Report Drafted By: Dr. Michael A. Weinstein

In late July and early August, Somalia's internationally recognized and ineffectual Transitional Federal Government (T.F.G.) ruptured and deadlocked into factions led by its president, Abdullahi Yusuf Ahmed, and its prime minister, Nur "Adde" Hassan Hussein. Following fast on the heels of an organizational split in the coalition opposing the T.F.G. politically and militarily - the Alliance for the Re-Liberation of Somalia (A.R.S.) - the collapse of the T.F.G. has thrown Somalia into a new version of the fragmented political condition that had characterized the country before the spring of 2006, when the Islamic Courts Union (I.C.U.) mounted a revolution to transform Somalia into an Islamic state based on Shari'a law and gained control of most of south-central Somalia, until it was dispersed by an Ethiopian military invasion in December 2006 that was supported by the United States.

The severe rift in the T.F.G., which was precipitated when Nur Adde removed former warlord Mohammad Dheere from his positions of governor of the Banadir region and mayor of Somalia's official capital, Mogadishu, and Yusuf refused to sign off on that decision, replicated a schism that had riven the T.F.G. prior to the aborted Courts revolution, when Yusuf faced off against then parliamentary speaker, Sharif Hassan Sheikh Adan, who is now a leading figure in the diplomatic wing of the A.R.S. At that time, the rivalry between Yusuf's and Hassan's factions led for a period to the T.F.G. executive and the transitional parliament basing themselves in different "capitals," rendering the transitional institutions inoperative. Whether or not it leads to physical separation, the current split in the T.F.G. signals a similar structural failure.

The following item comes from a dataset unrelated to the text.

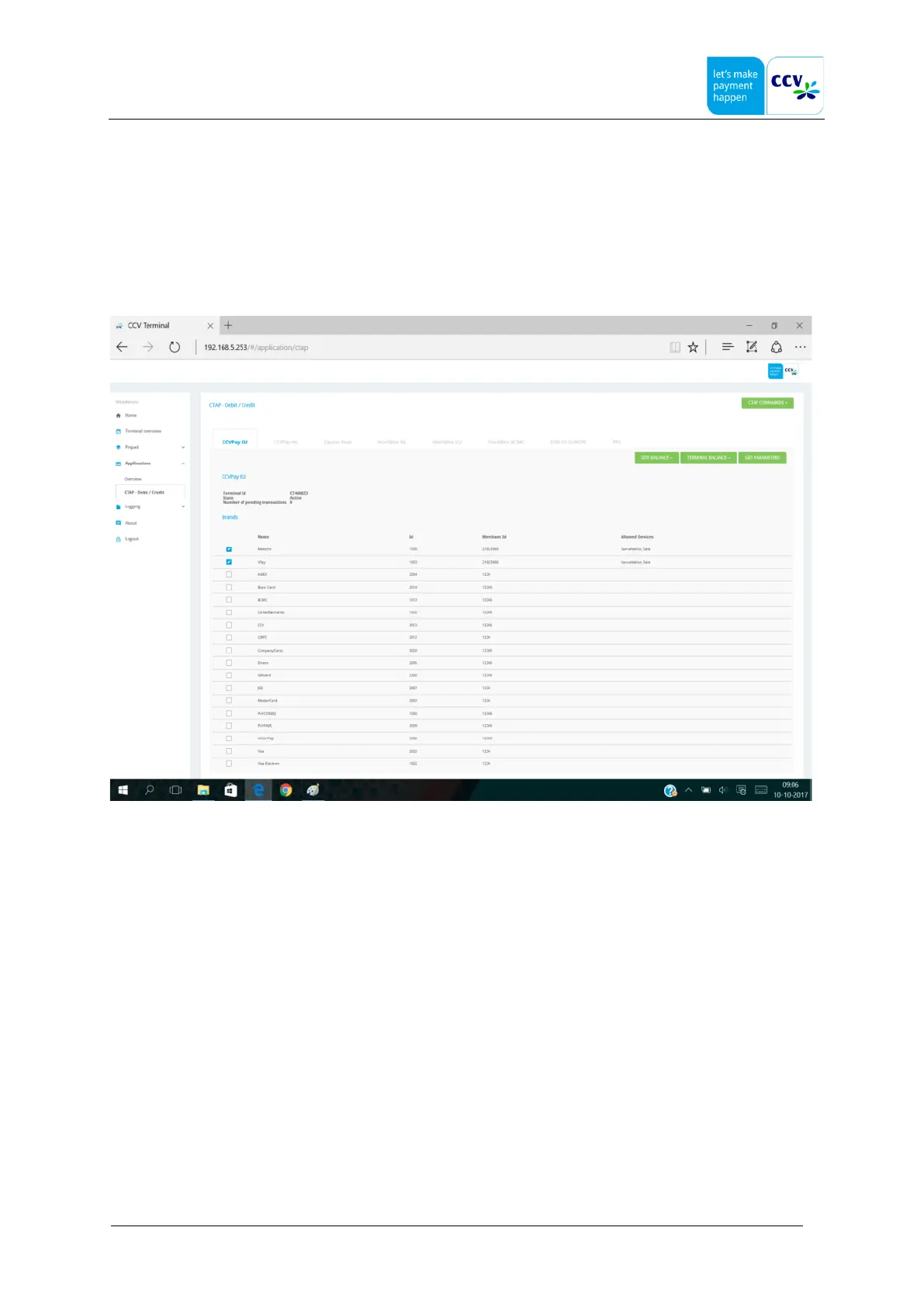 When the installation is completed and all went well, check if the parameters are correct in the Applications > CTAP Debit /

Always fragile and riddled with conflict, the T.F.G., which emerged in 2004 as the result of drawn-out negotiations in Kenya brokered by Western donor powers, the United Nations and Somalia's regional neighbors, was the fourteenth attempt by external actors to save Somalia from the statelessness into which it had fallen after divergent clan-based movements succeeded in toppling dictator Siad Barre's regime in 1991, but failed to agree on a power-sharing formula that would preserve a central government. After Barre's fall, Somalia fragmented into local power centers, often dominated by clan-based warlords. The northwestern portion of the post-independence Somali state quickly seceded and became the self-declared republic of Somaliland; later, the northeast declared its provisional autonomy as the Puntland State of Somalia. The southern and central regions became a patchwork of contested and presumptive authorities. By the winter of 2006, the T.F.G. clearly had become yet another government in name only.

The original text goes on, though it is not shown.